# Fondant recipes for top bars



## Colleen O. (Jun 5, 2012)

Last year I made a bar with candy and put candy in a metal pouch. I explain about it (+ pics) in this thread http://www.beesource.com/forums/showthread.php?275624-This-poor-hive&p=884612
They took it but they ended up freezing anyway due to starvation because only the bees on the bar next to the candy bar could use the candy when it was cold. In the future I will just feed them 2:1 syrup on days that it gets warm enough (over 50) if they are light. If I had to put sugar in the hive for an emergency feed I would just pour it on the hive bottom under the cluster. Kinda a reverse mountain camp. That way the bees on each bar could get to it.
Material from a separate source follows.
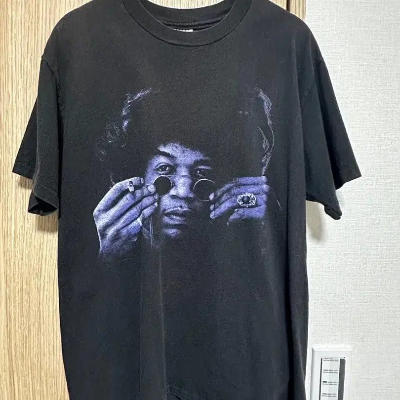 Jimi Hendrix 지미 헨 빈티지 t셔츠 사이즈: L 컬러: 블랙 기장: 68cm 어깨 너비: 50cm 가슴 너비: 53cm 사용감은 있지만 핑홀 등의 데미지는 없습니다. 밑단의 스티치가 약 2cm 정도 풀려 있습니다. 방문해 주셔서 감사합니다.
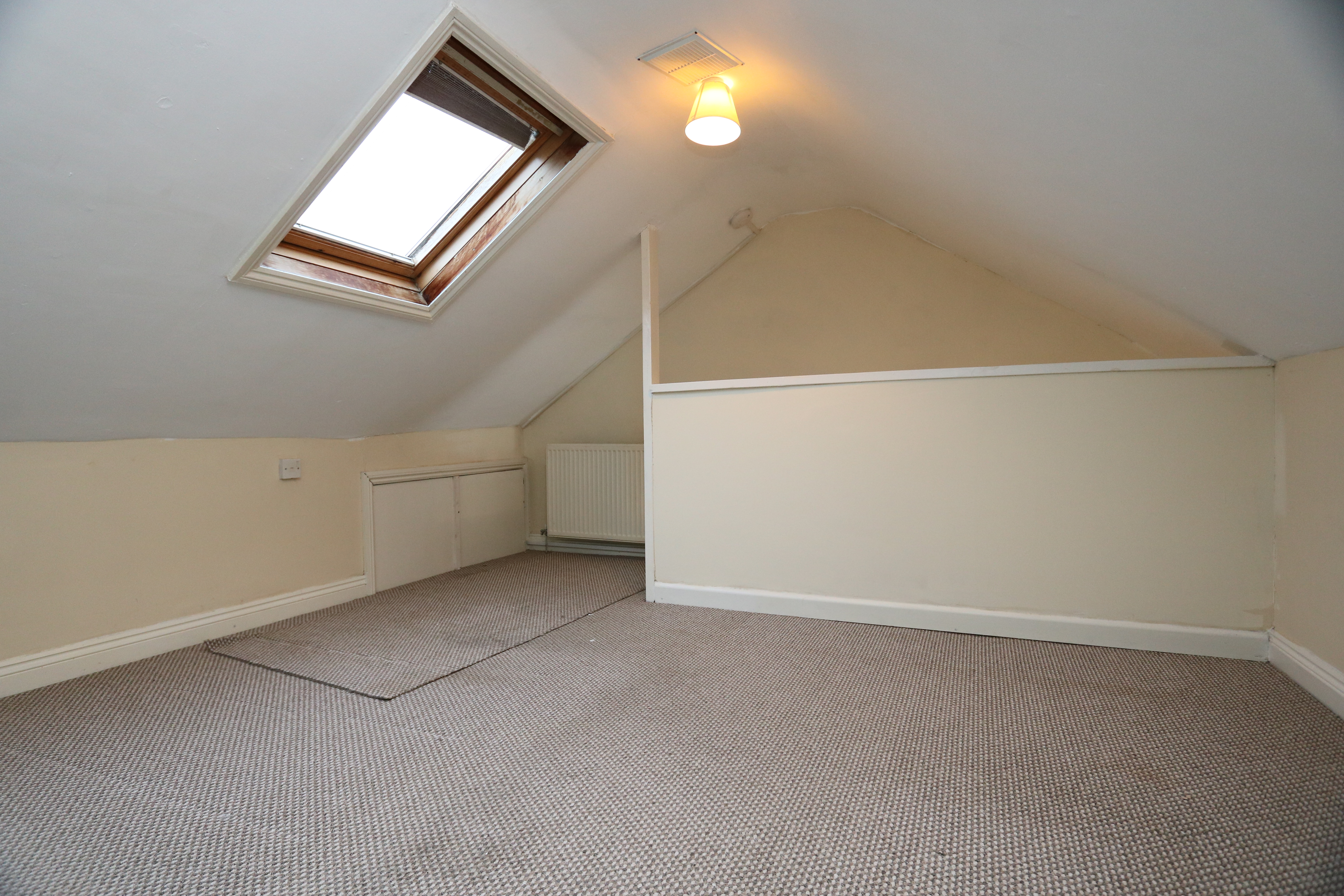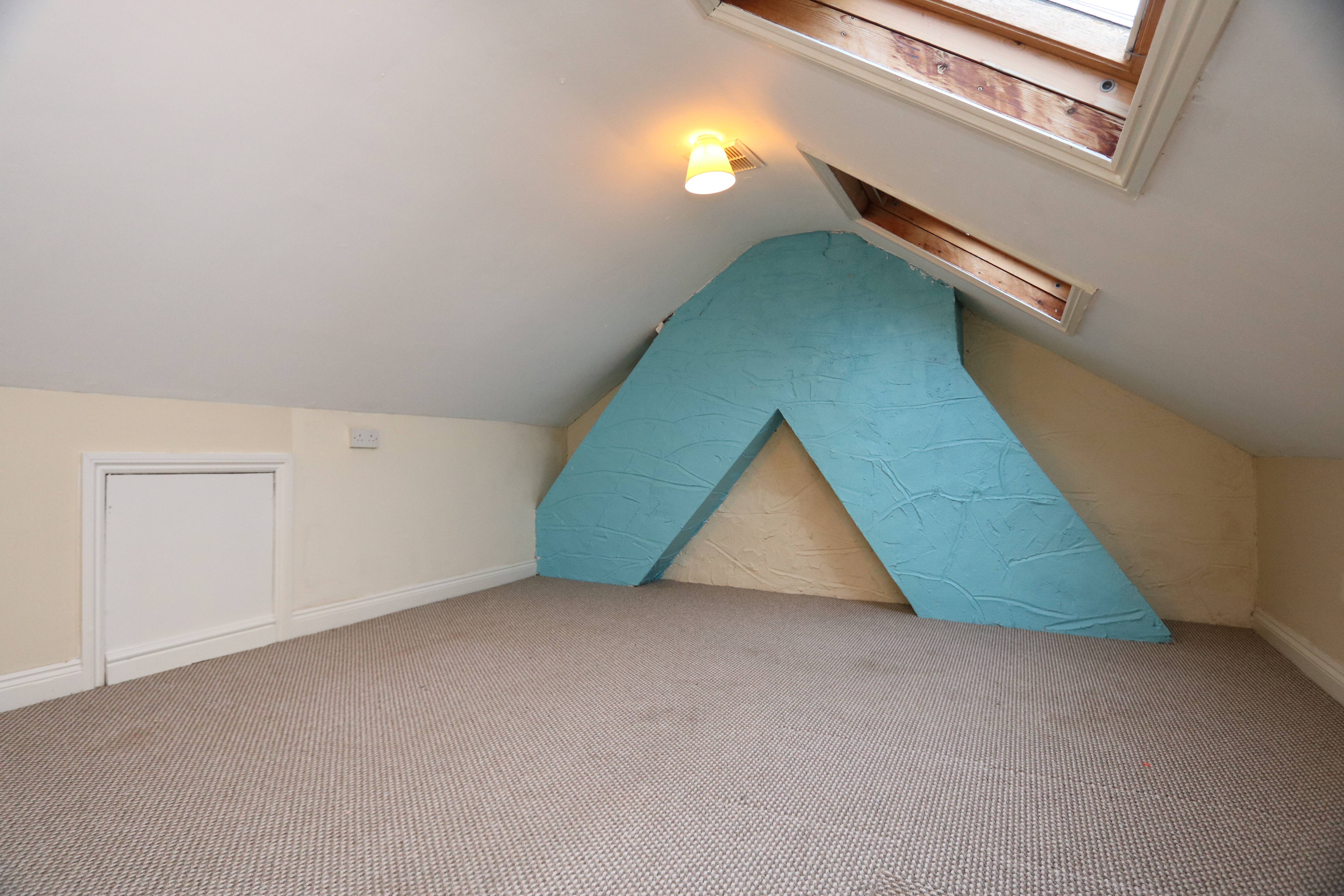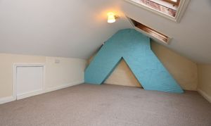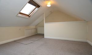 Carpeted with smooth walls and a smooth ceiling. There are doors giving access to storage in the eaves. Two Velux windows and a radiator.

I started over this year with a single package. I now have 5 nucs and I have been feeding heavy to get them up to weight. I would feed syrup now while temperatures permit.


----------



## bkristanne (Sep 25, 2013)

Thanks for the info! I sure hope my bees don't starve this winter. That would be very sad :/ Wish me luck!


----------



## Colleen O. (Jun 5, 2012)

It was. I felt really bad about it. I really hope that doesn't happen to yours!

Are your bees taking the syrup you are feeding? I feed mine "bee tea" and they really take it fast. I found the recipe from some link on here and adapted it to my needs (pot size, ratio, etc...). Right now I am making it as 6lbs sugar, 2 quarts water, 5 cammomile (I actually use cammomile/lavender) tea bags, a pinch sea salt, 1 1/2 T each cider vinegar and honey. I bring the water to boil and make the tea then stir in the sugar and pinch salt. After the syrup has cooled (it is usually cool enough at this sugar ratio to put them right in) I stir in the vinegar and honey and feed the bees. You can change the syrup to be 2:1, I am trying to keep them drawing comb so I am using a ratio in between the norms. Be careful when you feed it because being more aromatic it can cause robbing. My weak nuc I had to close down the entrance because they were getting robbed out.


----------



## bkristanne (Sep 25, 2013)

I have been feeding them a bee tea with mint and thyme. They have been loving it!


----------